Key research themes
1. How does energy harvesting influence protocol design and performance in wireless-powered cooperative communication systems?
This research theme focuses on integrating wireless energy harvesting with cooperative communication networks to sustain information transmission without embedded energy supplies. It examines protocol designs that enable nodes to harvest energy from access points for subsequent cooperative transmission, analyzing throughput performance and the effects of system parameters such as time allocation and relay positioning. This is important because it addresses the energy constraints in cooperative networks, which is critical for sustainable and energy-efficient wireless communication.
2. What are the impacts of hardware impairments and power control strategies on the reliability and error performance of decode-and-forward cooperative networks?
This theme investigates the degradation caused by practical hardware impairments (such as phase noise, I/Q imbalance, amplifier nonlinearities) and the role of adaptive power allocation in DF cooperative networks. It aims to quantify outage probability and error rates under realistic conditions and to design power control methods to minimize frame error rates, thereby enhancing network robustness and efficiency in fading environments.
3. How do cooperative MAC protocols address challenges of relay selection, cooperation coordination, and network-level cooperation to optimize wireless multi-hop network performance?

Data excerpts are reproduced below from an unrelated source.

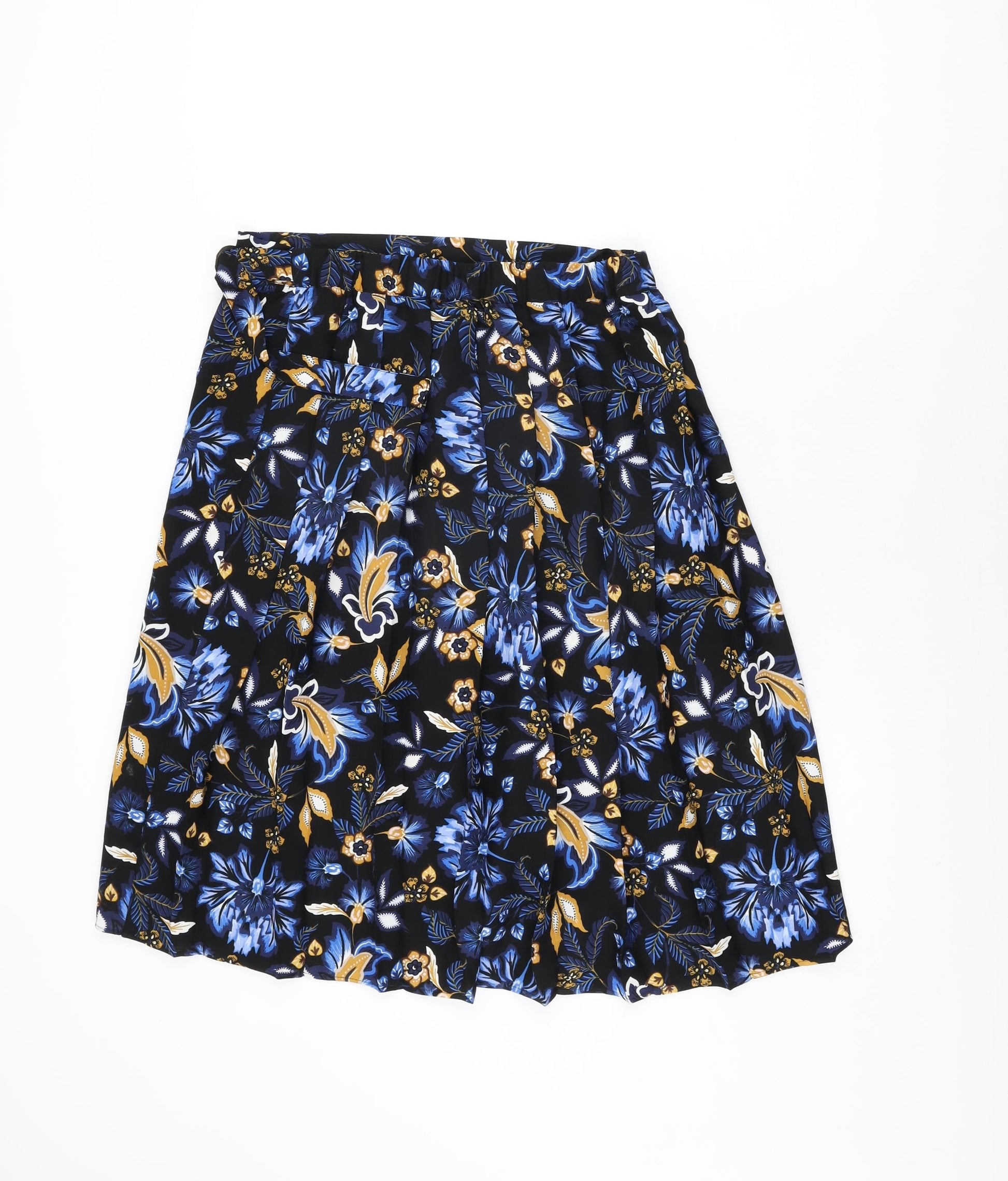 Marks and Spencer Womens Black Floral Polyester Swing Skirt Size 12 Tie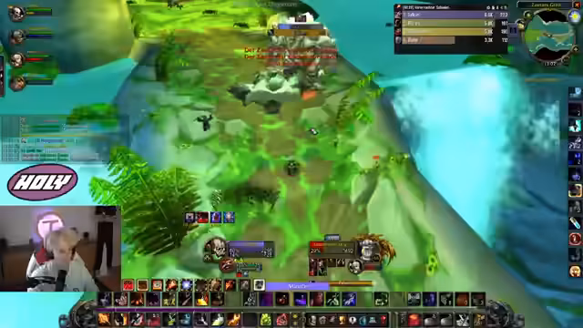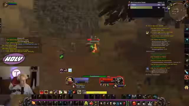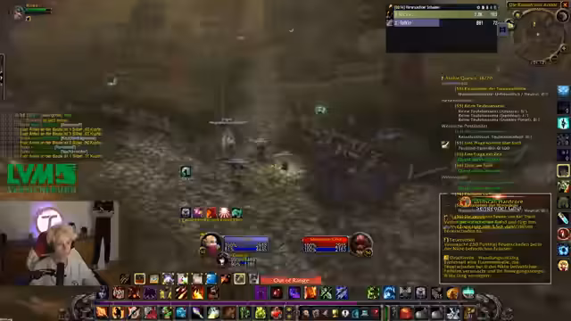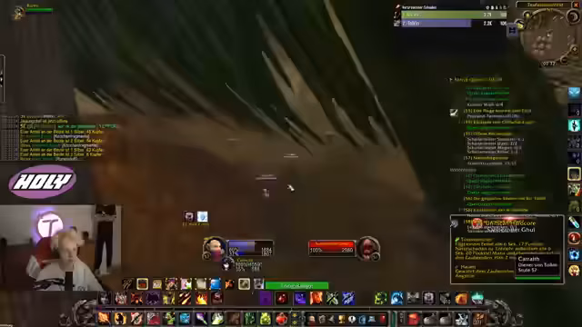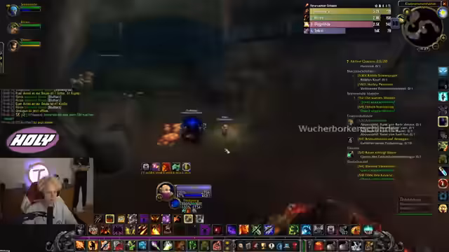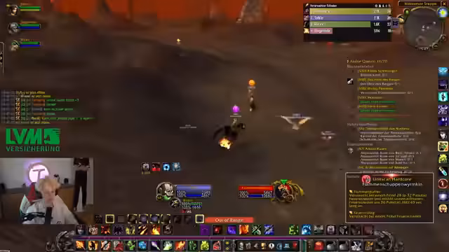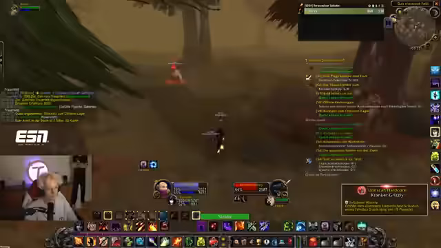 12:57:51In Arathi Highlands beginnen die Streamer eine gefährliche Bond-Quest. Sie spawnen mit einem Temporalversetzer feindliche Parasiten, die unendlich respawnen können, wenn nicht schnell genug getötet werden. Trotz der Gefahr machen sie weiter, auch wenn die Mobs sie verlangsamen. Sie finden heraus, dass sie die Parasiten mit einem speziellen Temporalriss beschwören und bekämpfen müssen, um die Quest fortzusetzen und um sicherzustellen, dass diese nicht weiter respawnen.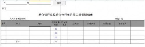 员工就餐明细由于员工病假、旷工、事假产假等情况,不发就餐票,手工处理废时废力,所以从考勤系统提取数据生成员工就餐明细,节省了人力,提高了效率和数据的准确性。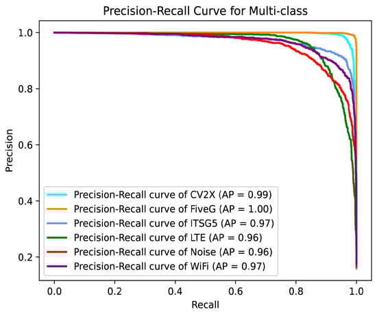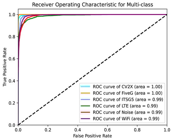 The PR curves show that the model maintains high precision across all six classes while achieving high recall. These results highlight the model’s ability to accurately identify positive samples and its robustness in maintaining high precision even as recall increases. The ROC curves demonstrate the model’s ability to distinguish between the six signal classes. All ROC curves are close to the top-left corner, and the Area Under the Curve (AUC) values for all classes are exceptionally high. The CV2X and FiveG classes achieve a perfect AUC of 1.00, while the remaining classes achieve AUC values of 0.99. These results indicate that the model has excellent discriminative power and a low false positive rate across all signal classes.

The focus here is on medium access control (MAC) layer protocols tailored for cooperative communication. Critical issues include determining when to cooperate, selecting appropriate relay nodes, and coordinating transmission sequences efficiently. Additional emphasis is on session-based network-level cooperation models in cognitive radio networks (CRNs) aiming to maximize spectrum access opportunities by integrating primary and secondary user cooperation. Solutions target throughput enhancement, interference mitigation, and resource fairness in dynamic multi-hop and cognitive wireless environments.